2. creating marketing, messaging, and packaging that appeals to children
If you have a conscience, this marketing tactic shouldn’t cross your mind. But, for some, creating products and messaging that appeals to the young and impressionable seems like a reasonable way to go. While it would be easy to stick our heads in the collective sand and go about our own business, it’s important that – as we shape this new legal cannabis community and the brands that will become successful because of it – that we ask ourselves: are we comfortable using big tobacco tactics to sell marijuana to consumers?
The answer should be obvious. So, it would be a wiser choice to stay away from THC candies, lollipops, and cookies that are packaged in a way that would appeal to a child, essentially marketing the product as something that doesn’t have mind-altering side effects. When marketed correctly and in an ethical manner, the legalization of marijuana doesn’t increase usage among underage populations, and that is a statistic we should all work to uphold.
3. straight up lying about your product
And then, of course, we have completely unfounded and false claims about a specific product’s effects and health benefits.
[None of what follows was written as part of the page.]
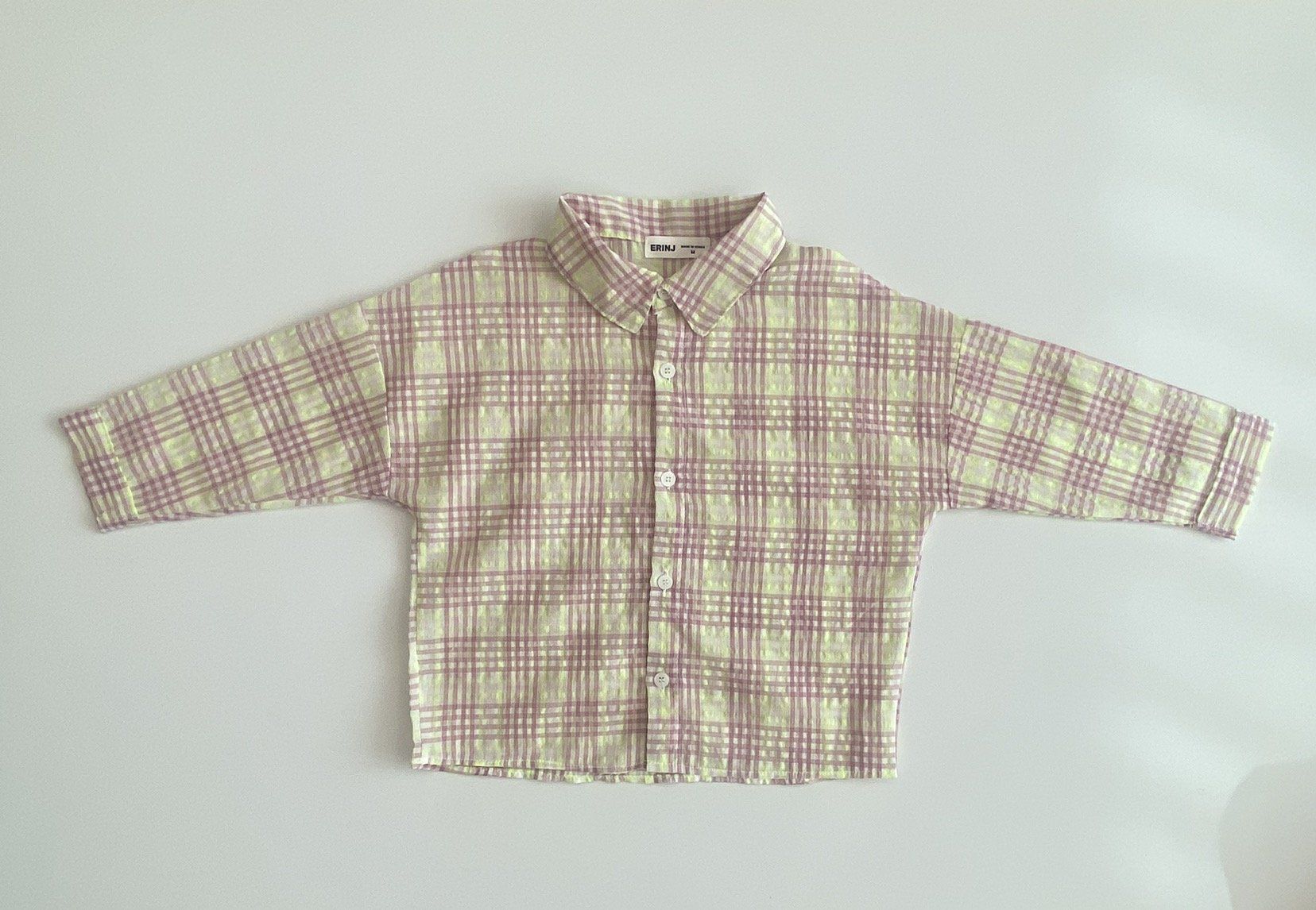 韓國 ERINJ - 清新雙色格紋翻領襯衫/外套-粉

Which, perhaps, is why we have seen a terrifying rise in the number of deaths caused by Spice and other types of synthetic marijuana, all sold legally and claiming to be harmless. It’s often promoted as a natural or herbal product, using buzz words to create a false sense of safety and security for consumers. It’s important that reputable cannabis brands distance themselves from these kind of tactics, that not only hurt and mislead people, but create a stigma surrounding marijuana that society is still trying to overcome.
If you’re wondering what your state’s guidelines are concerning cannabis marketing and labeling, you can check out this nifty guide, provided by Leafly. And remember, the best way to successfully market a product is to create a brand that doesn’t need sexism, lies, or morally corrupt tactics to sell.